细分发生在通行证。每次通过可以将单个四边形/三角形分别变成4个四边形/三角形。这意味着使用这个选项,多边形的数量可以极快地增长。这是一种“四的力量”。
- A setting of 1 can turn 1 quad into 4 quads 1的设置可以将1个四边形变成4个四边形
- A setting of 2 can turn 1 quad into 16 quads 2的设置可以将1个四边形变成16个四边形
- A setting of 3 can turn 1 quad into 64 quads 一个3的设置可以将1个四分之一变成64个四分之一
- A setting of 4 can turn 1 quad into 256 quads 4的设置可以将1个四边形变成256个四边形
- A setting of 5 can turn 1 quad into 1024 quads 设置为5可以将1个四边形变成1024个四边形
- A setting of 6 can turn 1 quad into 4096 quads 设置为6可以将1个四边形变为4096个四边形
- A setting of 7 can turn 1 quad into 16384 quads 7的设置可以将1个四边形变成16384个四边形
- A setting of 8 can turn 1 quad into 65536 quads 设置为8可以将1个四边形变为65536个四边形
So a mesh containing only 1000 quads, using a "minimum edge length" of 0.0 and a "maximum subdivisions" 8, could become a 65 million quad mesh which could take a long time to generate and would consume lots of memory!
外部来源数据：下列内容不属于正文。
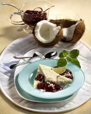 Turn over ice, remove foil. Cut off required slices of ice (refreeze the rest). Serve with cherries and the rest of the coconut flakes

For this reason, great care has to be applied when adjusting both "maximum subdivisions" and "minimum edge length".
因此,一个只包含1000个四边形的网格,使用0.0的“最小边长”和8的“最大细分”,可以变成一个6500万个四边形网格,这可能需要很长的时间来生成,并将消耗大量的内存!因此,在调整“最大细分”和“最小边长”时必须非常小心。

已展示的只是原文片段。